Он, меня предназначивший пляскам стокровым,
Дал мне взвивный прыжок, доносящий к загробьям,
Изнатужил мне легкие собственным ревом
И мне выострил клык – своей жажды подобьем!
Он рыдает во мне, словно чуя капканы
В густоте моих жил и в костей переплетах!
Он страдает во мне, нанося мои раны,
Что отсчитывал мне на безжалостных счетах!
Он со мною теряется в диких трущобах,
Он со мной поджидает скупую удачу,
Мы изгубную жизнь загоняем под обух,
Когда солнцу златому я противозлачу!
Тебя Львом ли прозвать в поклонении робком,
Называть ли всесущим тебя Ягуаром —
Но к твоим я пытаюсь причуяться тропкам
И маню духовитого тела распаром!
Возжелай же меня кровожадною хотью!
Будет свадебный пир, тебе выкликну клич я!
Ублажу твои когти – расшарпанной плотью,
Упою своей кровью – бессмертные клычья!
А потом – изменю, напущу тебе порчи,
Искромсаю всю вечность, как дряхлую клячу, —
Чтобы чуялись Бога предсмертные корчи,
Когда солнцу златому я противозлачу!
Сиди-Нуман
Этот рыцарь, чья слава Багдад облетела,
Знаменитый любовью к лилейной Эмине,
Поминает в сердцах о злосчастной године,
Как нарек себе в жены – неверное тело!
И для гнева искал подобающей стати,
И отместкой своей не хотел обомститься,
И, наслушавши пошепты древних заклятий,
Обратил ее – белой младой кобылицей.
И еще не поняв своего инотелья,
Накровила глаза, как боец – кулачища,
И так странно волнуют – незнаные зелья,
В луговом ветерке – ей мерещится пища…
Так внезапны соблазны, и ярости вспышки,
И кипение в жилах, и захолодь в чреве…
И пустилась в попляски, поскоки, попрыжки —
Но все с тем же изяществом, свойственным деве!
И богатая сбруя была златолита;
Умащал ее тело в бальзаме, елее —
И при этом глядел все надменней и злее
На обмашистый хвост и четыре копыта.
Любовался на гриву из небыли родом
И на жемчуг зубов, что рассыпан по деснам;
То подкармливать пустится клеверным медом,
То ей розу подносит – в забвенье захлестном.

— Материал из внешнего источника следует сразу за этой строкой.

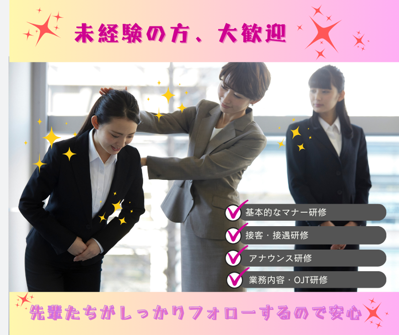 求める人材: \20~30代女性活躍中/ ◆未経験の方、大歓迎! ◆受付・レセプションなどの経験がある方、直ぐに活躍できます! ≪こんな方にピッタリ≫ ■接客がスキな方 ■人の役に立つ仕事がしたい方 ■接客マナーを身につけたい方 ■PCを使った事務業務も抵抗ない方 ■長期的に働ける環境を探している方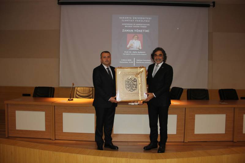 Dekanımız Prof. Dr. Hasan Meydan’ın konuşmasından sonra sözlerine başlayan Prof. Dr. Halis Aydemir, zamanın insan için bir emanet olduğunu vurguladı. Kur’ân’daki vakit ve randevu kavramlarından hareketle zamanı doğru kullanmanın hem bireysel hem toplumsal sorumluluk taşıdığını ifade etti.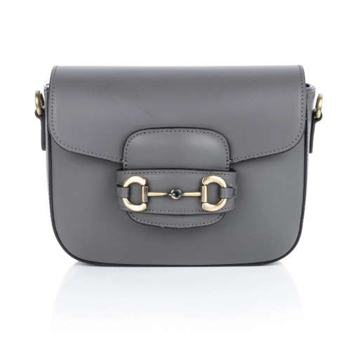 Сумка крос-боді шкіряна з широким ременем та великою пряжкою - темно-сірий

А позднее, дождавшись полдневной минуты,
Когда лоно земное пыланьем подмято,
Он стоптал с себя оторопь, словно бы путы,
И воскликнул: «Аллах!» – и вскочил на бахмата!
Он понесся по улицам в гневе великом,
Становясь на скаку все багровей, тигровей.

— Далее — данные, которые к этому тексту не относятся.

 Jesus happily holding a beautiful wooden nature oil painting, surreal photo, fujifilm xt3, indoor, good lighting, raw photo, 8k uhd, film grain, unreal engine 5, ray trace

Свои шпоры топил в набегающей крови
И молчаньем своим – был страшнее, чем рыком!
И все то, что в полете глаза ухватили,
Завертелось, как образы в зеркале вертком,
И настало обличьям, и мордам, и мордкам —
Целой жизни измглеть в золотистом распыле!
В том распыле всю память свою пораздергав,
Бился зверь, инобытия ставший добычей,
А ездок познавал в победительном кличе
Тот восторг, что сильней любострастных восторгов!
«Вы, сиявшие златом, кипевшие гневом…»
Вы, сиявшие златом, кипевшие гневом —
Вы теперь только память о смертной истуге,
Хохоток в облаках, щебетанье пичуги,
Непотребные другам, немилые девам.
Для влюбленных вы стали словами обетов,
Для бездельных богов – сторожами юдоли,
Кладовыми сравнений для бедных поэтов,
Для ребенка – детьми, но не знавшими боли.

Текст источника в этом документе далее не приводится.